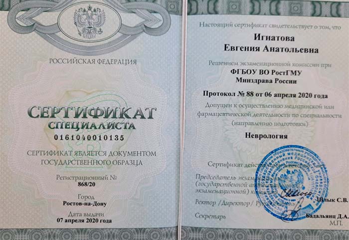 •  2020 г. – Повышение квалификации: ФГБОУ ВО Ростовский государственный медицинский университет (Неврология).
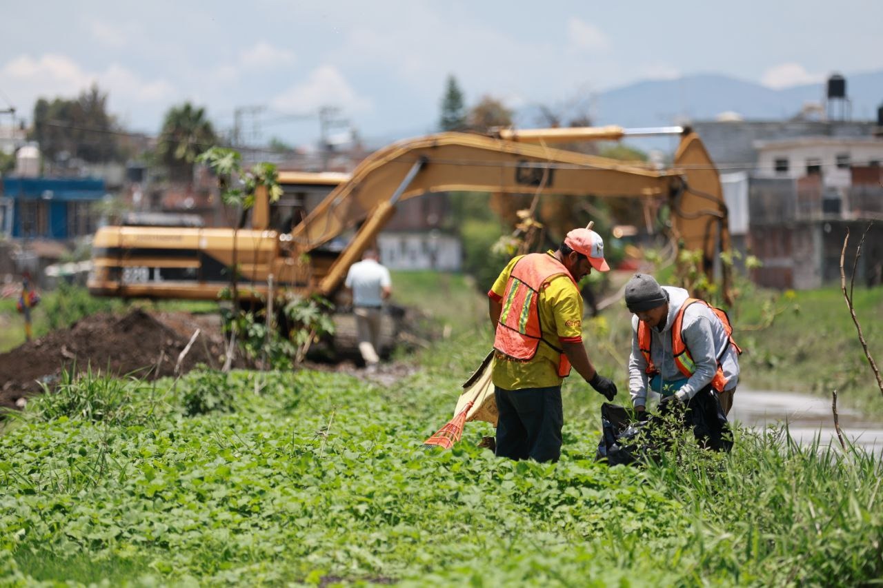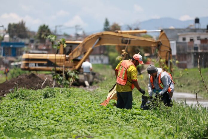 Alfonso Martínez recorrió las zonas donde Servicios Públicos, Obras Públicas Municipales y OOAPAS trabajan en coordinación para desazolvar e incrementar el área hidráulica del canal, con el que se dará mayor fluides al caudal sin taponamientos de lirio o basura.
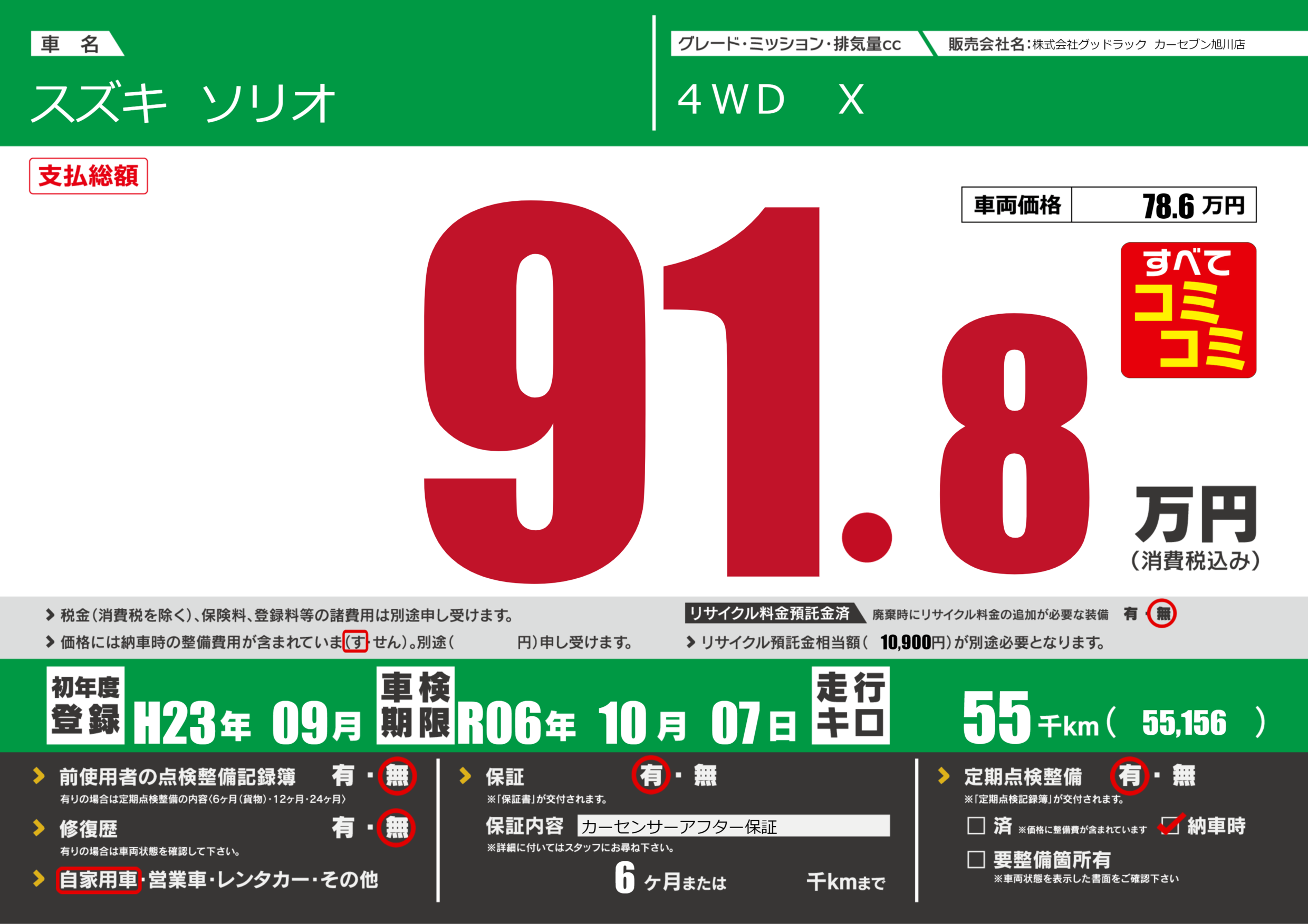 | 走行キロ | 5.5万km | 初年度登録 | H23年09月 |
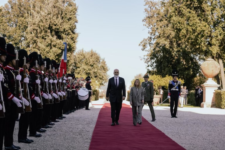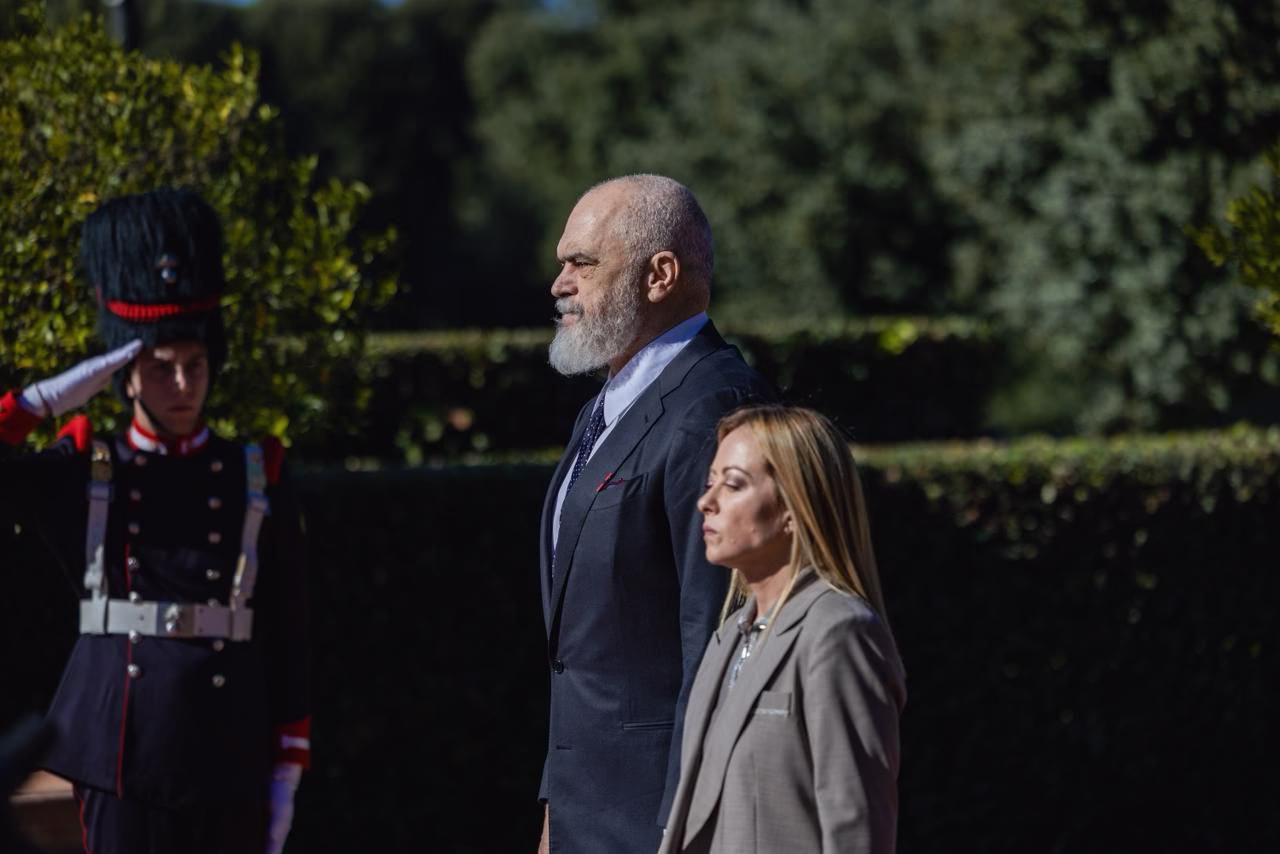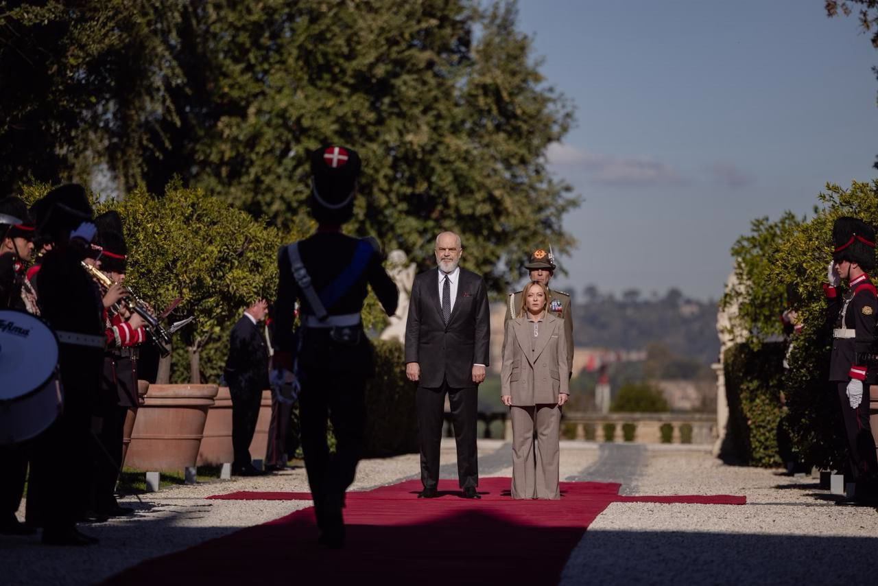 ROMË– Kryeministri Edi Rama mesditën e kësaj të enjteje është pritur me ceremoni zyrtare në Romë nga homologia e tij italiane Giorgia Meloni. Vizita e Ramës në Romë vjen në kuadër të Samitit të parë Ndërqeveritar Itali-Shqipëri. Sot për herë të pare do të mbahet mbledhja e  përbashkët mes qeverisë shqiptare dhe asaj italiane në Romë, mbledhje e cila shënon dhe nivelin më të lartë të bashkëpunimit mes dy shteteve.
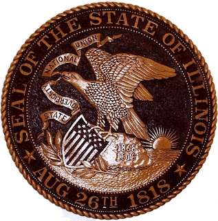 Le sceau d'État (seal) : Un aigle américain (Haliaeetus leucocephalus) perché sur un rocher tient dans son bec une banderole portant la devise d'état "State sovereignty, national union" (Souveraineté de l'état, union nationale); en dessous de l'aigle qu'il semble tenir dans ses serres, est un écu au couleurs du drapeau américain posé en barre sur une branche d'olivier. Sont également représentés une prairie, le soleil levant sur un horizon à l'Est sur le lac Michigan, et sur le rocher, les dates 1818 et 1868, années de création et de révision du sceau. Les mots "sceau de l'Etat de l'Illinois" et " le 26 août 1818" entourent l'ensemble.
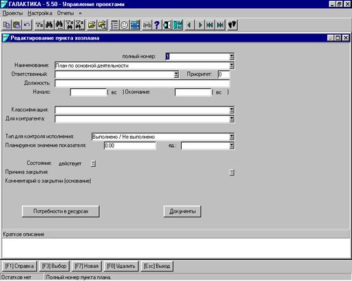 | Управление проектами=Проекты=Планы проектов, ресурсы=Редактир. пункта хозплана |
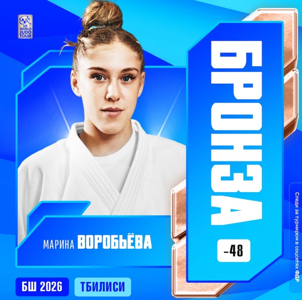 В Тбилиси стартовал этап Мировой серии по дзюдо «Большой шлем». В первый день соревнований бронзовую медаль в весовой категории до 48 килограммов завоевала рязанская дзюдоистка Марина Воробьёва. Начала турнир Воробьёва с победы над представительницей Узбекистана Хакимовой. В четвертьфинале рязанка уступила одну оценку «юко» своей соотечественнице Сабине Гилязовой. А в поединке за третье место она выиграла у представительницы Бельгии Сары Ишт. Поздравляем Марину Воробьёву с завоёванной наградой турнира Мировой серии! 0+

# # # # # # #

Task instructions
Pictures in the entries are to be skipped, and everything else repeated word for word.

Output
 •  2020 г. – Повышение квалификации: ФГБОУ ВО Ростовский государственный медицинский университет (Неврология).
 Alfonso Martínez recorrió las zonas donde Servicios Públicos, Obras Públicas Municipales y OOAPAS trabajan en coordinación para desazolvar e incrementar el área hidráulica del canal, con el que se dará mayor fluides al caudal sin taponamientos de lirio o basura.
 | 走行キロ | 5.5万km | 初年度登録 | H23年09月 |
 ROMË– Kryeministri Edi Rama mesditën e kësaj të enjteje është pritur me ceremoni zyrtare në Romë nga homologia e tij italiane Giorgia Meloni. Vizita e Ramës në Romë vjen në kuadër të Samitit të parë Ndërqeveritar Itali-Shqipëri. Sot për herë të pare do të mbahet mbledhja e  përbashkët mes qeverisë shqiptare dhe asaj italiane në Romë, mbledhje e cila shënon dhe nivelin më të lartë të bashkëpunimit mes dy shteteve.
 Le sceau d'État (seal) : Un aigle américain (Haliaeetus leucocephalus) perché sur un rocher tient dans son bec une banderole portant la devise d'état "State sovereignty, national union" (Souveraineté de l'état, union nationale); en dessous de l'aigle qu'il semble tenir dans ses serres, est un écu au couleurs du drapeau américain posé en barre sur une branche d'olivier. Sont également représentés une prairie, le soleil levant sur un horizon à l'Est sur le lac Michigan, et sur le rocher, les dates 1818 et 1868, années de création et de révision du sceau. Les mots "sceau de l'Etat de l'Illinois" et " le 26 août 1818" entourent l'ensemble.
 | Управление проектами=Проекты=Планы проектов, ресурсы=Редактир. пункта хозплана |
 В Тбилиси стартовал этап Мировой серии по дзюдо «Большой шлем». В первый день соревнований бронзовую медаль в весовой категории до 48 килограммов завоевала рязанская дзюдоистка Марина Воробьёва. Начала турнир Воробьёва с победы над представительницей Узбекистана Хакимовой. В четвертьфинале рязанка уступила одну оценку «юко» своей соотечественнице Сабине Гилязовой. А в поединке за третье место она выиграла у представительницы Бельгии Сары Ишт. Поздравляем Марину Воробьёву с завоёванной наградой турнира Мировой серии! 0+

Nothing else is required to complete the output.